[WORK INSTRUCTIONS]
Below are some records. Return exactly their lines from the one containing "For analyzing the" through the one containing "紧接着,张老师又带领大家参观", and drop the pictures.

--- EXTRACTED MATERIAL Enclosed Below ---

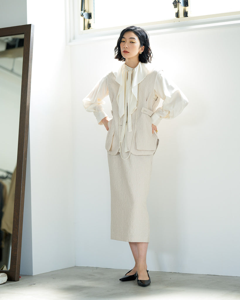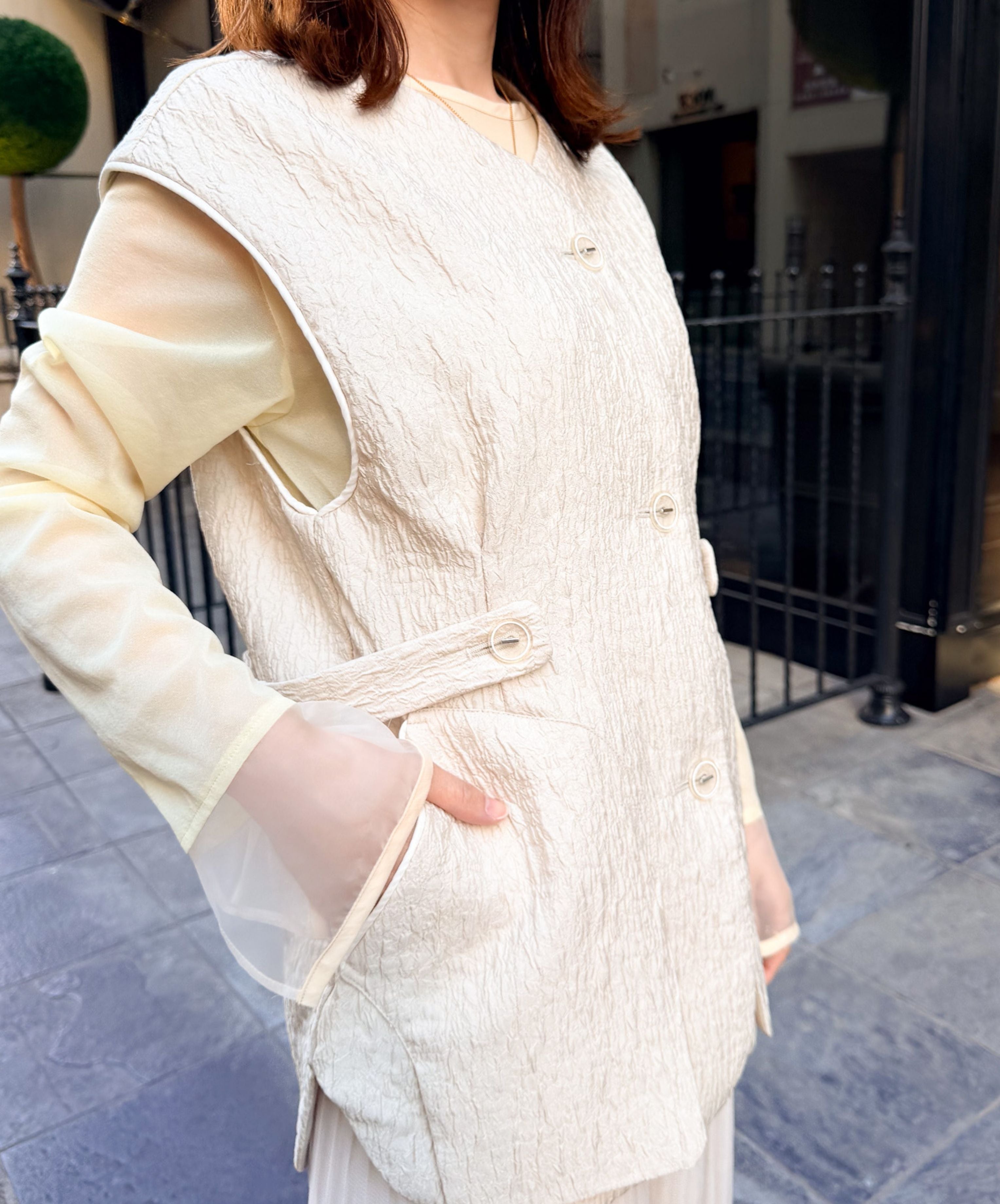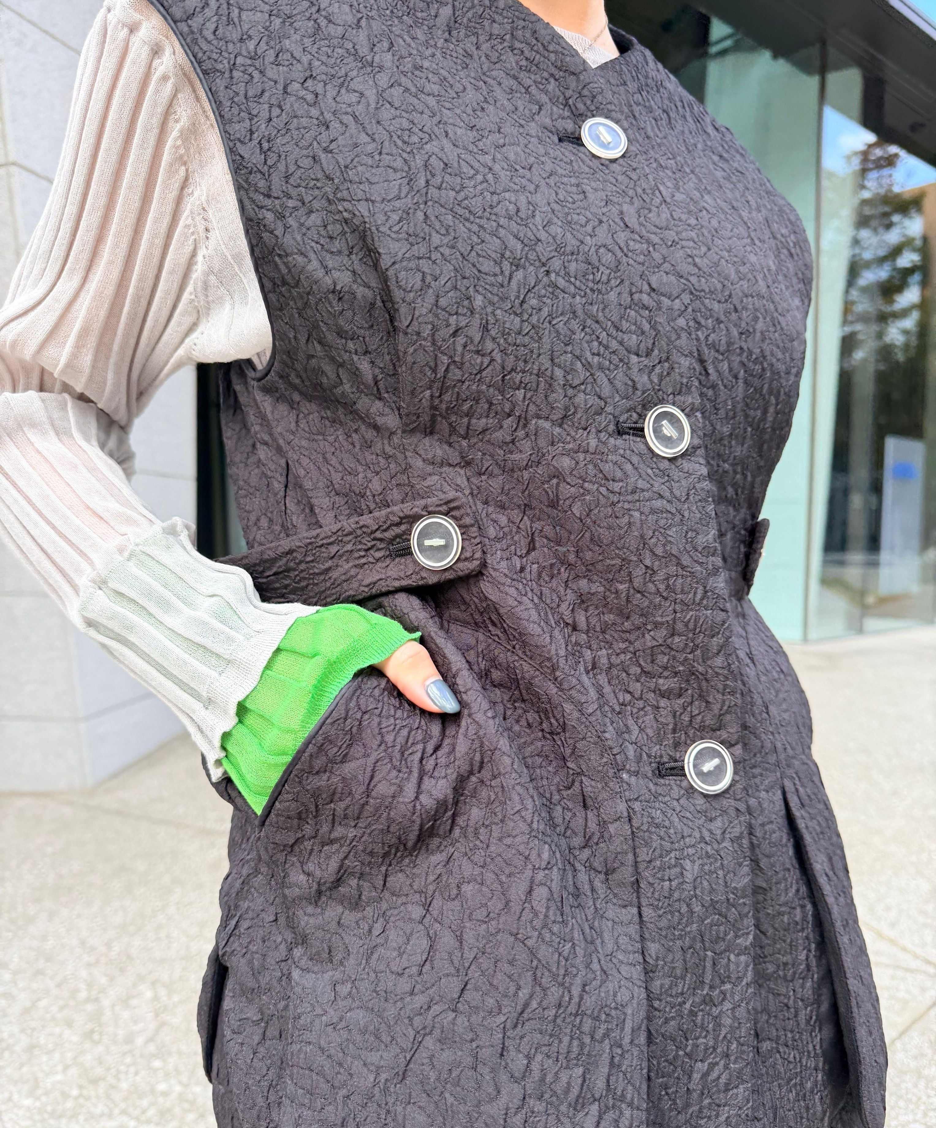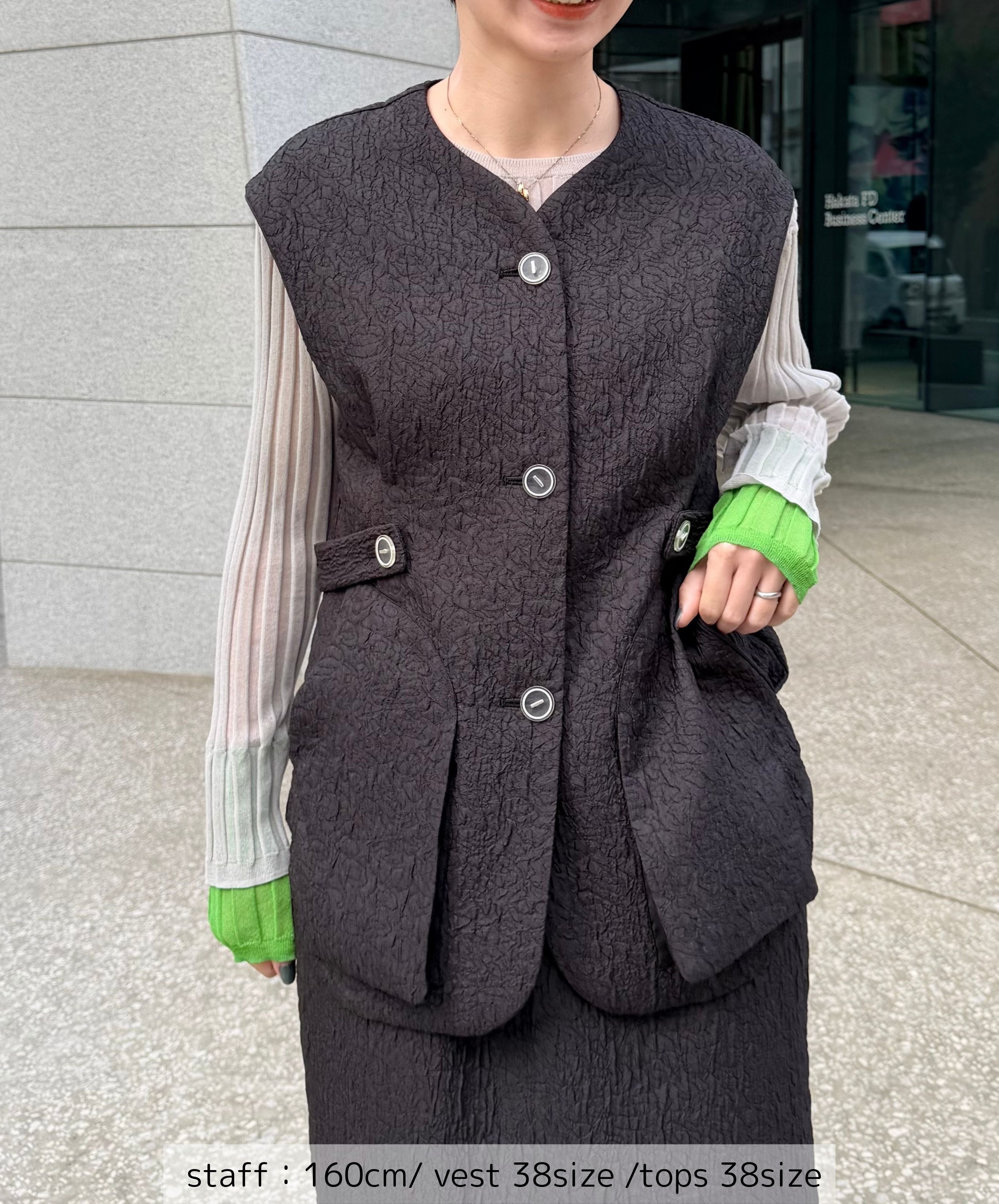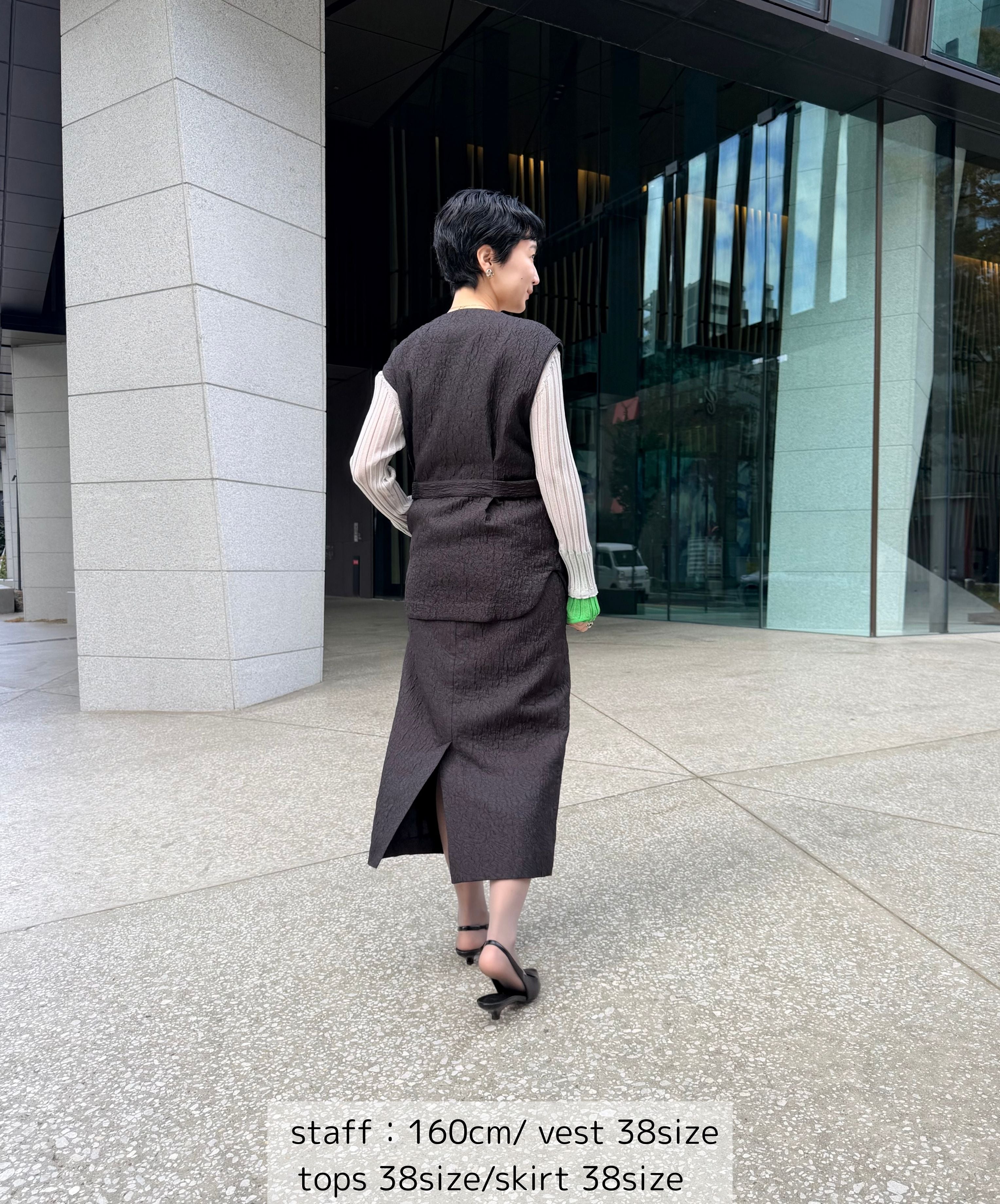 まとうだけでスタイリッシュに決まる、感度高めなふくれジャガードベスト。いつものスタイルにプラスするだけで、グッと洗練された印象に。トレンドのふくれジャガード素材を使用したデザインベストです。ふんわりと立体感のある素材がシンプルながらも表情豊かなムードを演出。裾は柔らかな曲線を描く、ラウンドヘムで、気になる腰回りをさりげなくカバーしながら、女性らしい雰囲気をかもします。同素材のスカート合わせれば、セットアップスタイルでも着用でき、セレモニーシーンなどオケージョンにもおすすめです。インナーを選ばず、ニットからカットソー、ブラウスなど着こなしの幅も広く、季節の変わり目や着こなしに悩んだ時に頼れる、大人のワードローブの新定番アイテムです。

--- End of Enclosed EXTRACTED MATERIAL ---
--- EXTRACTED MATERIAL Enclosed Below ---

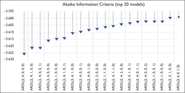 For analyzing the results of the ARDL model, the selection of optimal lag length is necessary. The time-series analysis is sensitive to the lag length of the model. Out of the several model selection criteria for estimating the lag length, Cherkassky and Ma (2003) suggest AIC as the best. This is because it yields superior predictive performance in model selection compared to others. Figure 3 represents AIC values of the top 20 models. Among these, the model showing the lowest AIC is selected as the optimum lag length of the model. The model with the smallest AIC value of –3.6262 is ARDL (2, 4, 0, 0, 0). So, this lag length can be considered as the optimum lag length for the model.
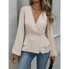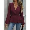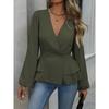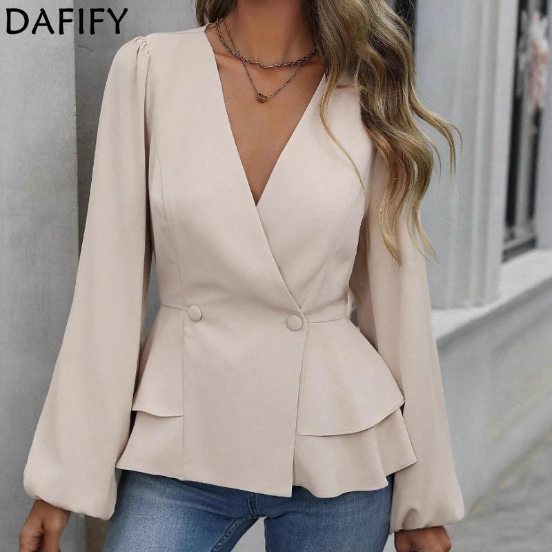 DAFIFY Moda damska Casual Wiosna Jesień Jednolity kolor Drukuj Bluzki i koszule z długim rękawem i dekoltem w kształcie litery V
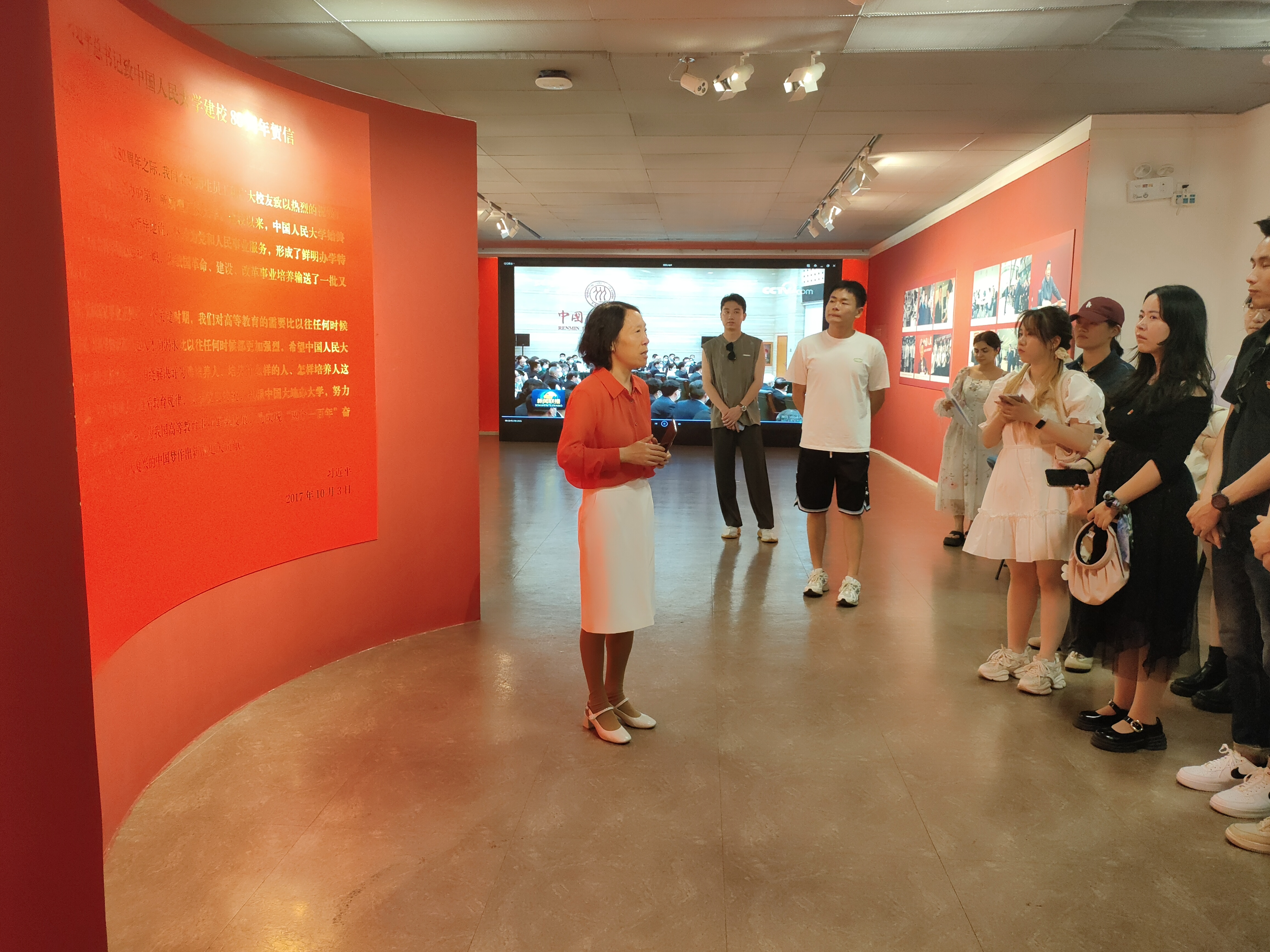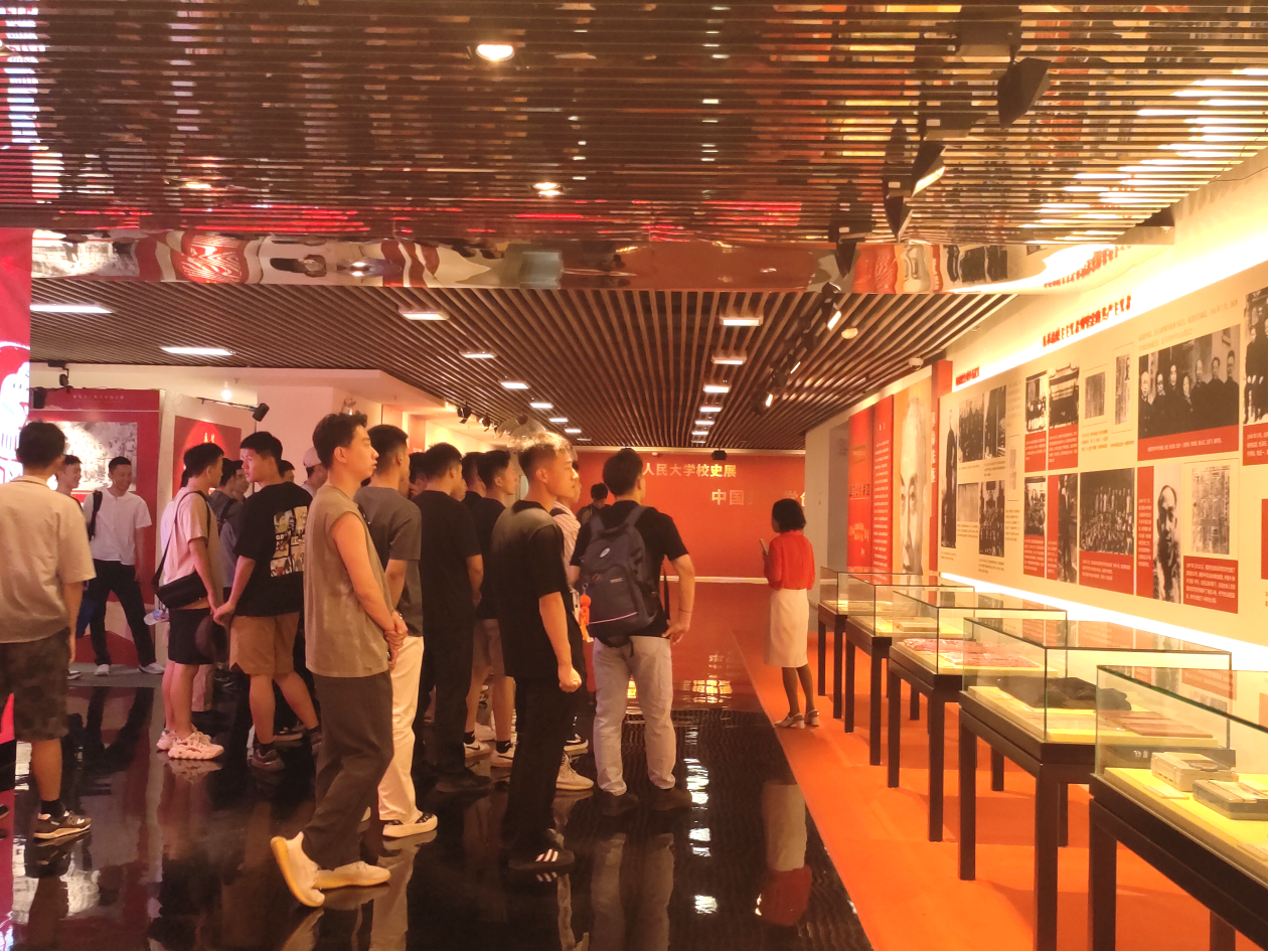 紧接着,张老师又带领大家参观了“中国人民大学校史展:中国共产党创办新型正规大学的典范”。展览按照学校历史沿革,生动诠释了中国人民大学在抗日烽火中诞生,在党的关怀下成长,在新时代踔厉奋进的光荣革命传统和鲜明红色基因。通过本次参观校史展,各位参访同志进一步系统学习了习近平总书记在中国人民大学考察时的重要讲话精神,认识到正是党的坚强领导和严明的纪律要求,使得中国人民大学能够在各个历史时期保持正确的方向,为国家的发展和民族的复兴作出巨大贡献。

--- End of Enclosed EXTRACTED MATERIAL ---

[COMPLETED TASK]
 For analyzing the results of the ARDL model, the selection of optimal lag length is necessary. The time-series analysis is sensitive to the lag length of the model. Out of the several model selection criteria for estimating the lag length, Cherkassky and Ma (2003) suggest AIC as the best. This is because it yields superior predictive performance in model selection compared to others. Figure 3 represents AIC values of the top 20 models. Among these, the model showing the lowest AIC is selected as the optimum lag length of the model. The model with the smallest AIC value of –3.6262 is ARDL (2, 4, 0, 0, 0). So, this lag length can be considered as the optimum lag length for the model.
 DAFIFY Moda damska Casual Wiosna Jesień Jednolity kolor Drukuj Bluzki i koszule z długim rękawem i dekoltem w kształcie litery V
 紧接着,张老师又带领大家参观了“中国人民大学校史展:中国共产党创办新型正规大学的典范”。展览按照学校历史沿革,生动诠释了中国人民大学在抗日烽火中诞生,在党的关怀下成长,在新时代踔厉奋进的光荣革命传统和鲜明红色基因。通过本次参观校史展,各位参访同志进一步系统学习了习近平总书记在中国人民大学考察时的重要讲话精神,认识到正是党的坚强领导和严明的纪律要求,使得中国人民大学能够在各个历史时期保持正确的方向,为国家的发展和民族的复兴作出巨大贡献。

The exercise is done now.